Speaker 2:So over the last few years, social sustainability, this realm of modern slavery, human rights, community investment all of that I've been able to get into at Westpac and it was awesome working in that space and discovering a couple of years ago I was doing my CV for some reason't tell the bank, um and and I yeah, it's not like this is going public.
Speaker 2:Um, I was doing my CV and I realized that over the last five or six years there had been this common thread. While the work I was doing was quite different, there was a common thread of improving equity for groups of people, and that is what helped me know that this is the the type of work that I will find fulfilling. So all these other years of dipping in and out of banking and customer service and teaching and things like that, yeah, all well and good, but the common thread amongst it all is being able to help improve outcomes for people that helps them get ahead. And that's when. So, come October last year, I was made redundant and I, you know I was looking for work and things like that.
Speaker 2:But I live in Cromwell and part of what is amazing about Cromwell, being where we are in central Otago, makes it quite difficult to find the type of work that I was specifically looking for that and this bananas job market. So I decided to start my own consultancy and build the work that I want to work, and this experience of working alongside community partners in a corporate setting helped me kind of find my niche and this expertise of social and governance um consulting. So that is my, from five years old to how old am I? Nearly 40.
Speaker 1:There's my career journey for you. It's funny where we land and how we can thread together the learnings, the hard bits. It's often the hard bits where we do learn stuff.
Speaker 2:Yeah, I'm really putting my English and drama and high school teaching degree to good use. It's all learning right You're, right You're right, it's all fed into where we are now.
Speaker 1:Yeah, yeah, and I once worked. It was actually my first corporate job. I first interviewed with the CEO and I, up until that point, I'd been working in retail and. I wasn't even sure how I got the job interview and the CEO was he just wanted to employ people with a degree. So I had a degree but I didn't have any of the experience. And I found out later, after I got the job, that all the applicants, usually apart from me, had some experience in what I was applying for.
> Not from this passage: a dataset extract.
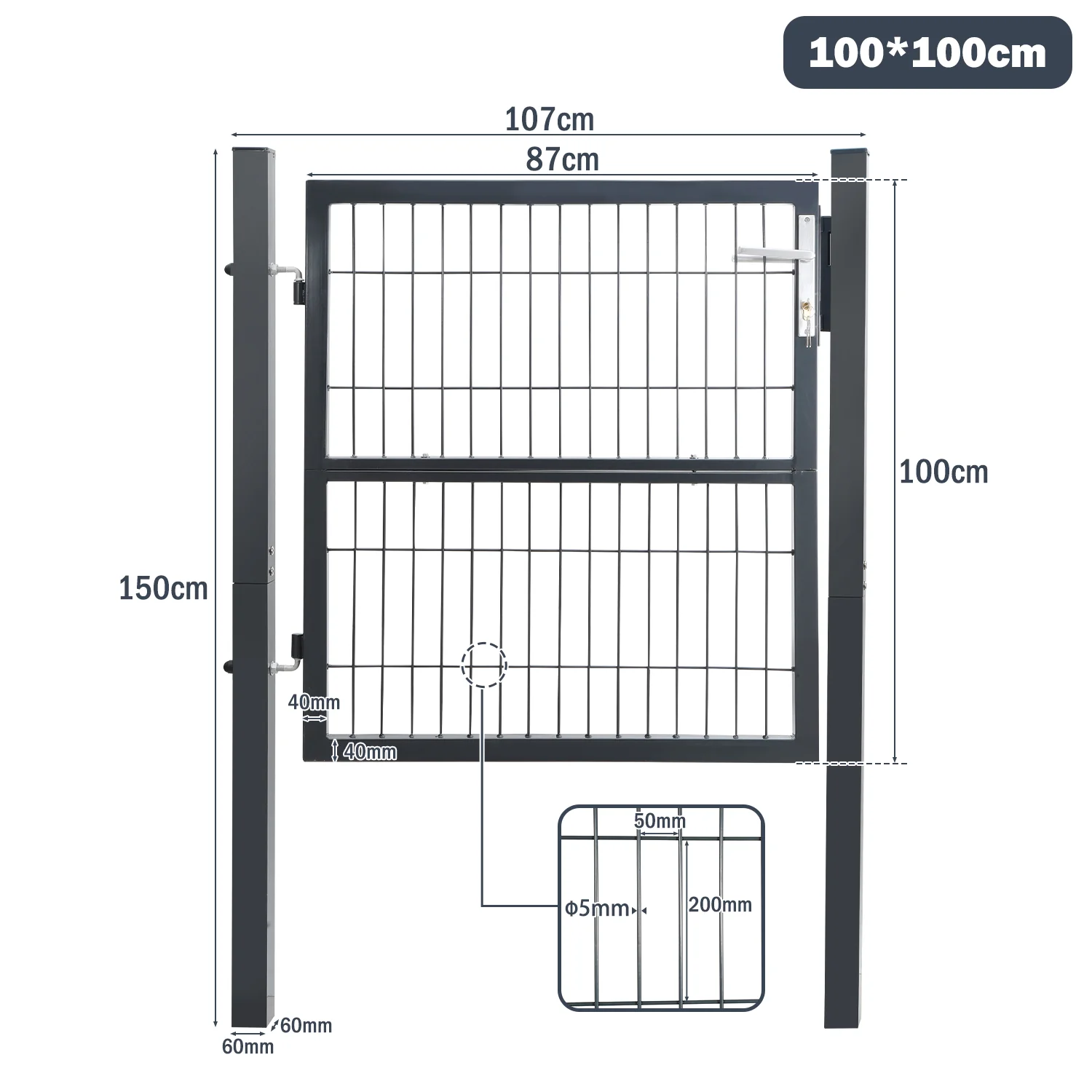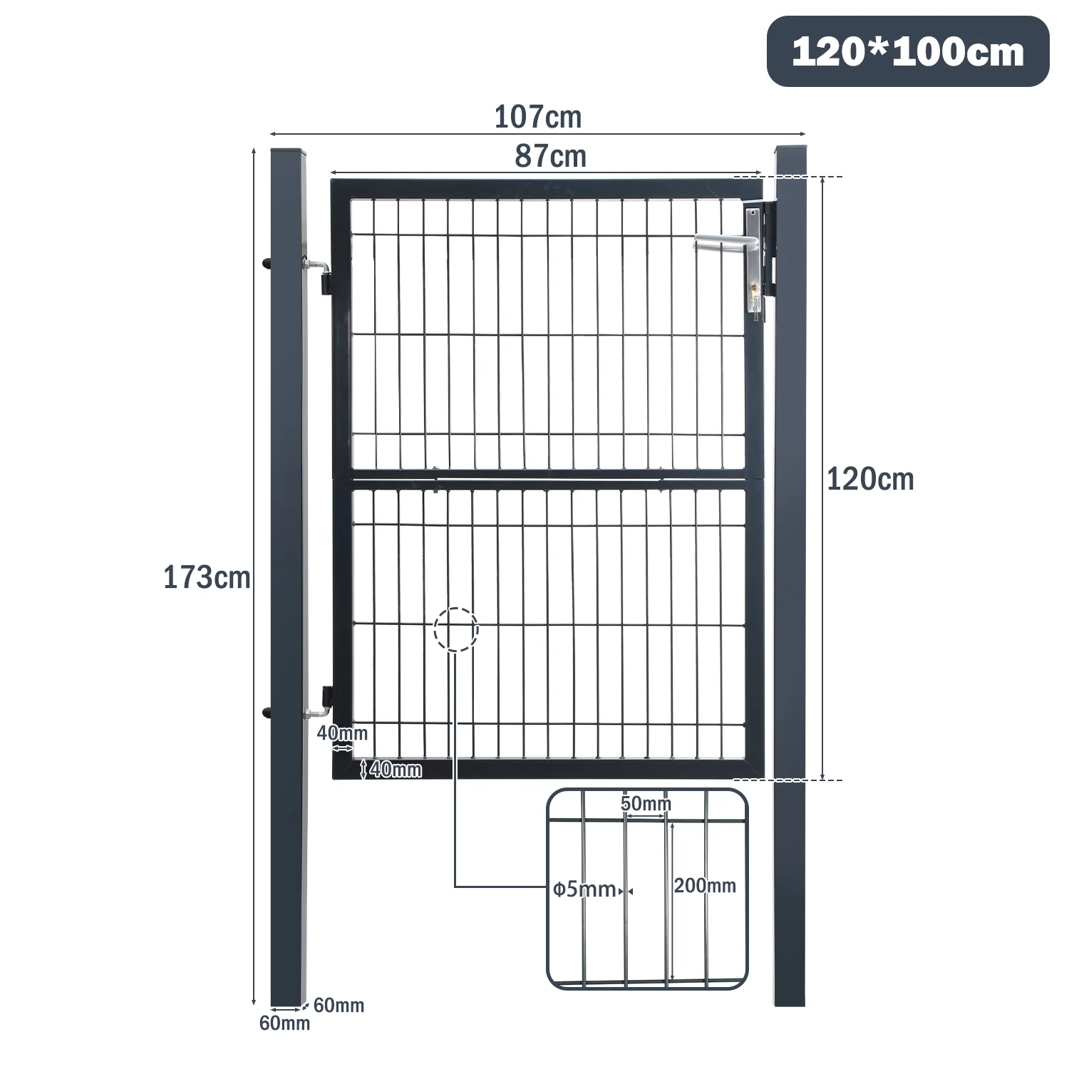 Gartentor Gartentür Anthrazit Inkl. Schloss

Speaker 1:The point of this is when he said I just want to employ people with a degree. And I was like oh, that that's. I don't know if that's right. Like I, you know, I really questioned, even though I had studied a degree, why would every job in our company you would need to have a degree? And his answer was that, um, doing that type of study teaches us to think critically and to research to find the information we're looking for, and that's always stuck with me.
Speaker 2:Yeah.
Speaker 1:I still don't think you have to have a degree for everything. That's not my point. But like you learnt so much from doing those degrees.
Speaker 2:Yeah, yeah, I was just thinking. Actually, probably growing up in the family with the parents I did, but also doing the degree helped me really explore empathy and kind of global views and global experiences and being introduced to the idea of experiences not my own, of experiences not my own um, how, how you have to be open to it and the benefits of being open to experiences that aren't your own to really help you grow and expand your blooming horizons. And yeah, I loved uni for that. I think it has really probably influenced, yeah, how I think and certainly how I creatively operate too, even though I'm doing strategy and project work and things like that.
Speaker 1:Yeah. Yeah, the critical thinking and the, the creative thinking practices that you just kind of inherit through study, yeah, be pulled into what I do now, which is great yeah, have you got any um like really cool projects that you might have worked on recently that you could share, and maybe not the company names if you can't do that, but like to give people a flavor of?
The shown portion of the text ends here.